Input data Block Start
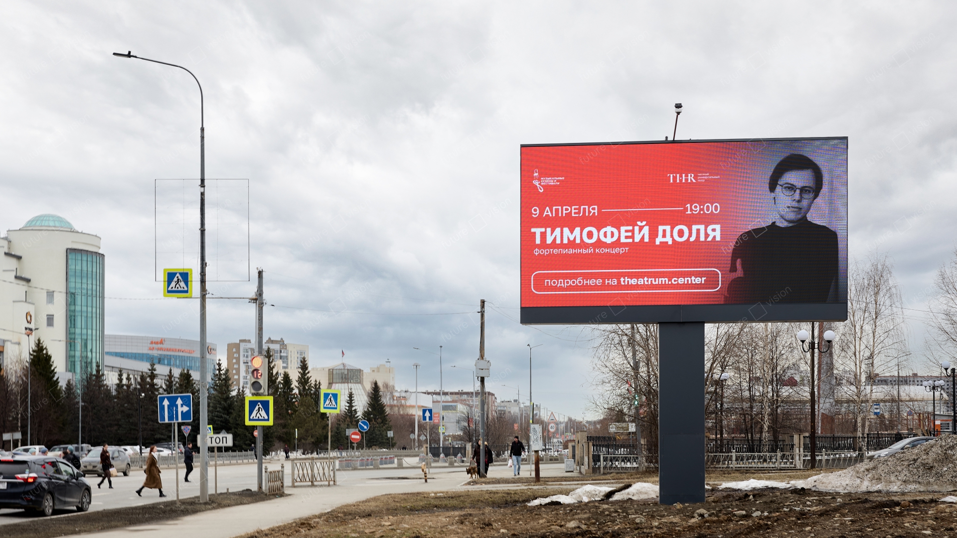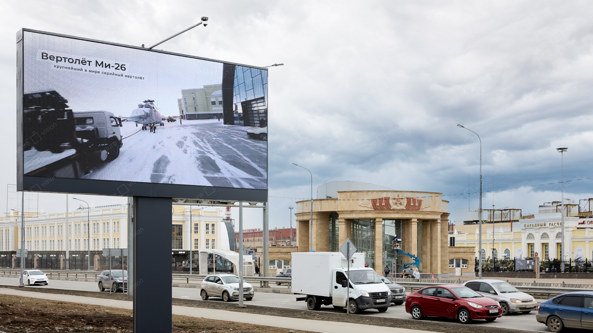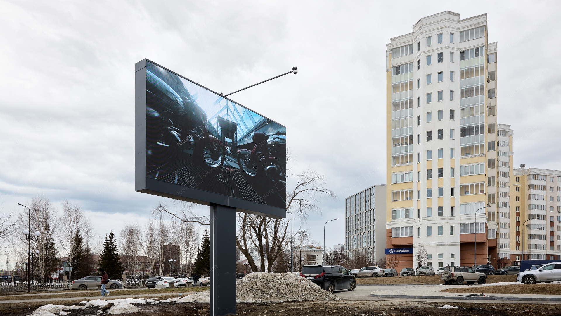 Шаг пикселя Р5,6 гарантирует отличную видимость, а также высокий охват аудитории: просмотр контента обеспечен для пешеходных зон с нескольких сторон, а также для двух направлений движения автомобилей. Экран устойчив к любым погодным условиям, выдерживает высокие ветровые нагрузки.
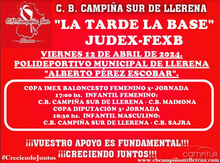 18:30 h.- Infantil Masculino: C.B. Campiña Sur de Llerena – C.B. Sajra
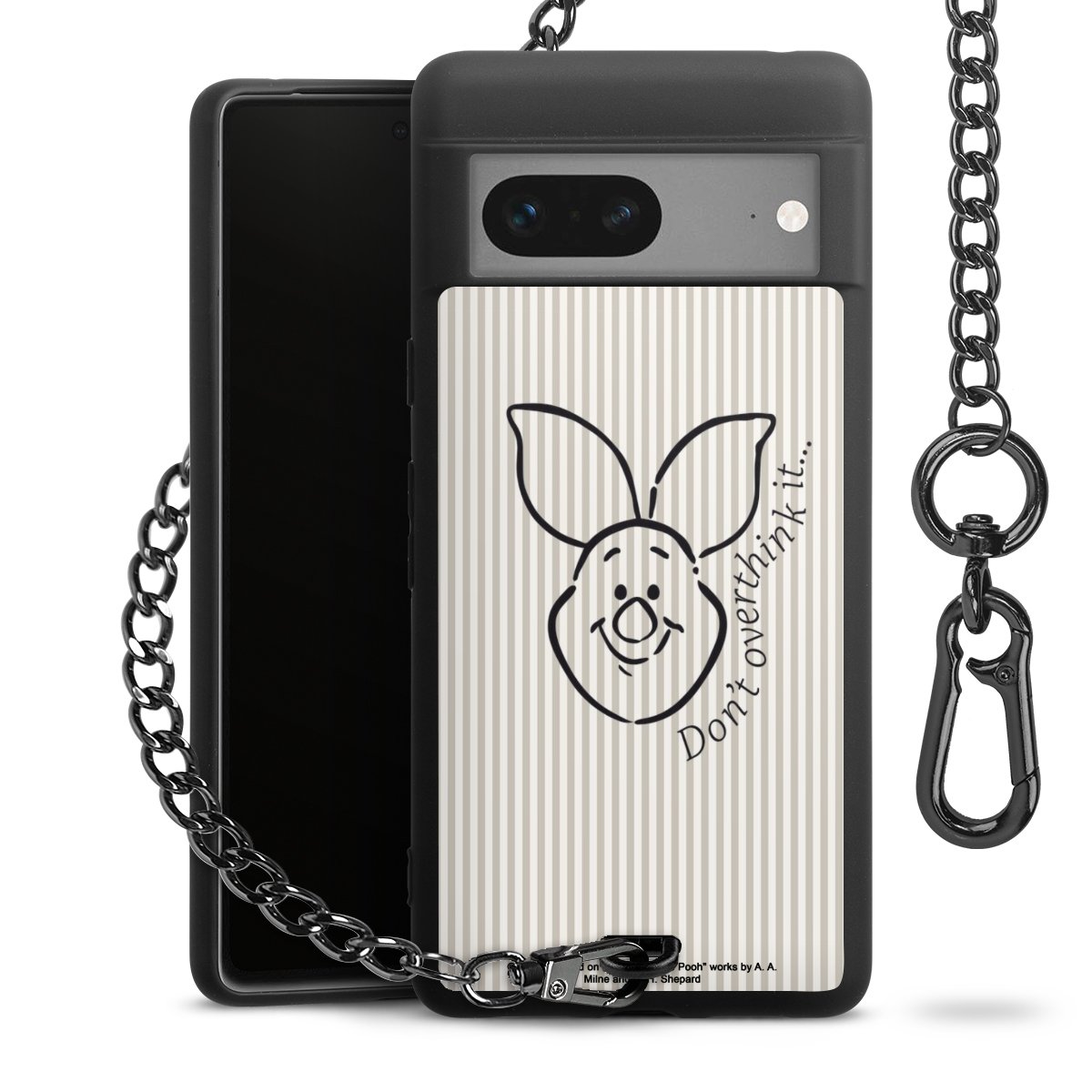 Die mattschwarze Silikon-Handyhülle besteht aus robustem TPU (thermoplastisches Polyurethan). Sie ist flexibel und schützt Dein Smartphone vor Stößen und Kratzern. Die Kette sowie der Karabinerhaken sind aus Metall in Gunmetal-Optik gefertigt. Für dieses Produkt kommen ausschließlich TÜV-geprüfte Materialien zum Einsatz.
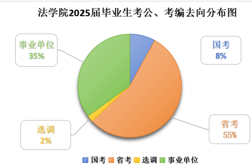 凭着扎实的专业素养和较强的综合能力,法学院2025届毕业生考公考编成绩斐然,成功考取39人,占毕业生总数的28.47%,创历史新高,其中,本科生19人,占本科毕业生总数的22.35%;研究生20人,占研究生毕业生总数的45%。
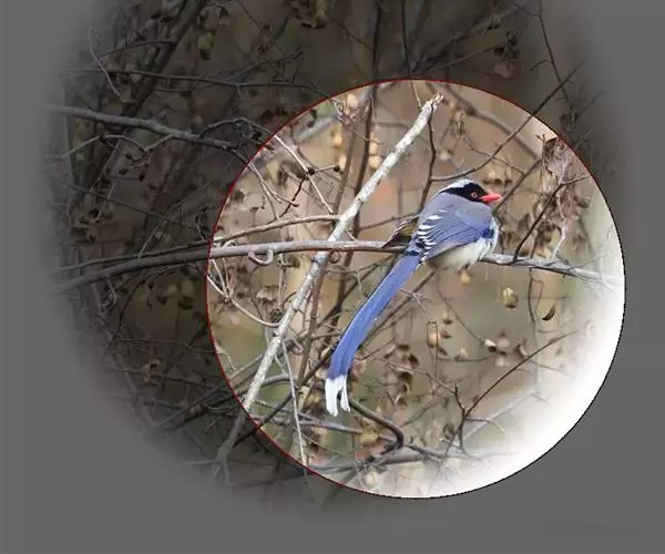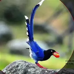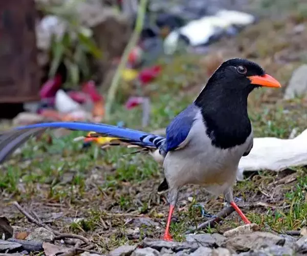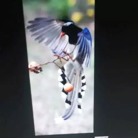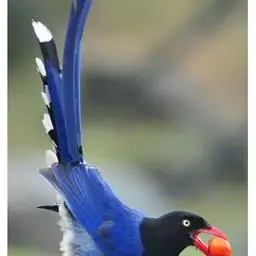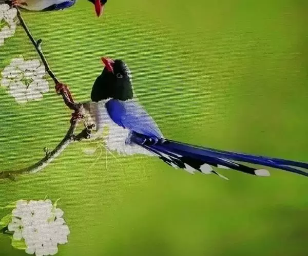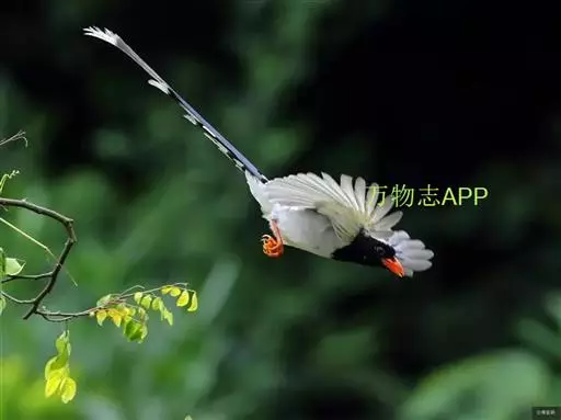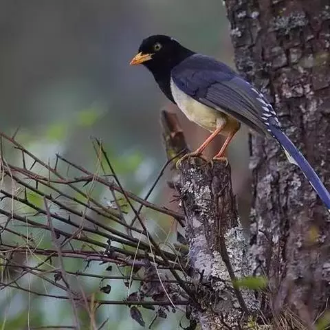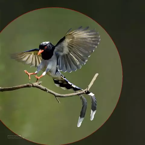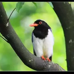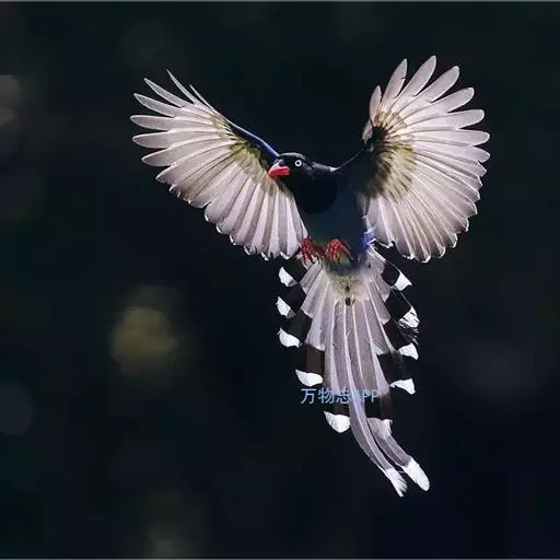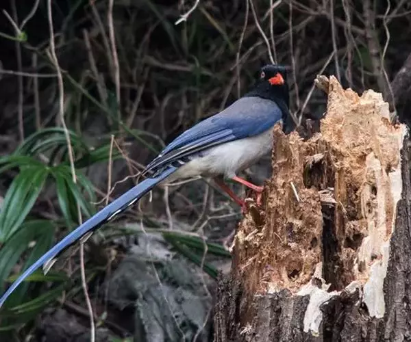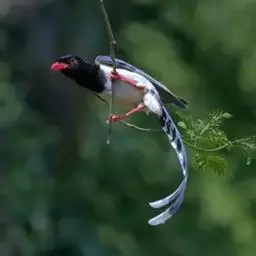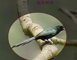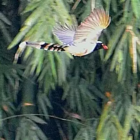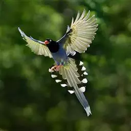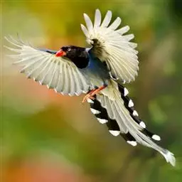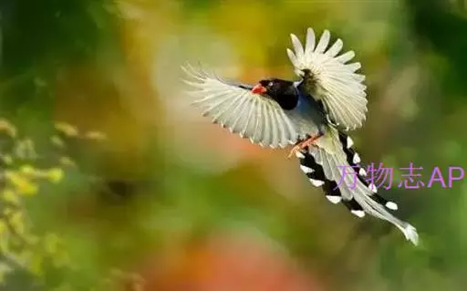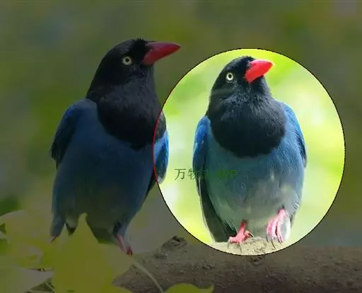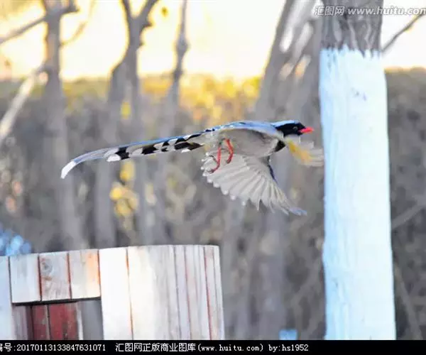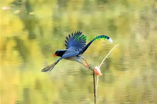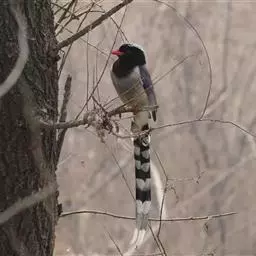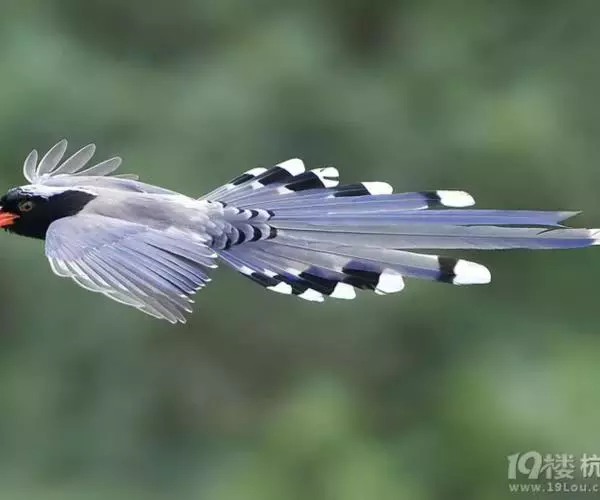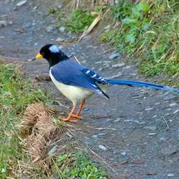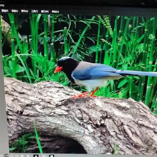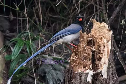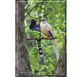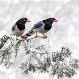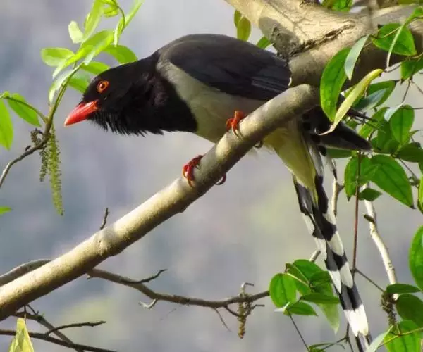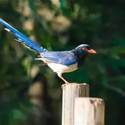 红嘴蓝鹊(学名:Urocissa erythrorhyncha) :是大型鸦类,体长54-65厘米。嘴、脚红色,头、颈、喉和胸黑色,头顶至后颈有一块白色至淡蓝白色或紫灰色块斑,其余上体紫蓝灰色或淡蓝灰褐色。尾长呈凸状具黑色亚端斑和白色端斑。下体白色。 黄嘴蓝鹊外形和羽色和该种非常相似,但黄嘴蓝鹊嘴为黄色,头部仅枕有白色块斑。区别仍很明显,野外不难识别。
Input data Block End
• [Exercise goal] Your job is to copy each entry exactly as written; the pictures do not go in.

• [Task solution]
 Шаг пикселя Р5,6 гарантирует отличную видимость, а также высокий охват аудитории: просмотр контента обеспечен для пешеходных зон с нескольких сторон, а также для двух направлений движения автомобилей. Экран устойчив к любым погодным условиям, выдерживает высокие ветровые нагрузки.
 18:30 h.- Infantil Masculino: C.B. Campiña Sur de Llerena – C.B. Sajra
 Die mattschwarze Silikon-Handyhülle besteht aus robustem TPU (thermoplastisches Polyurethan). Sie ist flexibel und schützt Dein Smartphone vor Stößen und Kratzern. Die Kette sowie der Karabinerhaken sind aus Metall in Gunmetal-Optik gefertigt. Für dieses Produkt kommen ausschließlich TÜV-geprüfte Materialien zum Einsatz.
 凭着扎实的专业素养和较强的综合能力,法学院2025届毕业生考公考编成绩斐然,成功考取39人,占毕业生总数的28.47%,创历史新高,其中,本科生19人,占本科毕业生总数的22.35%;研究生20人,占研究生毕业生总数的45%。
 红嘴蓝鹊(学名:Urocissa erythrorhyncha) :是大型鸦类,体长54-65厘米。嘴、脚红色,头、颈、喉和胸黑色,头顶至后颈有一块白色至淡蓝白色或紫灰色块斑,其余上体紫蓝灰色或淡蓝灰褐色。尾长呈凸状具黑色亚端斑和白色端斑。下体白色。 黄嘴蓝鹊外形和羽色和该种非常相似,但黄嘴蓝鹊嘴为黄色,头部仅枕有白色块斑。区别仍很明显,野外不难识别。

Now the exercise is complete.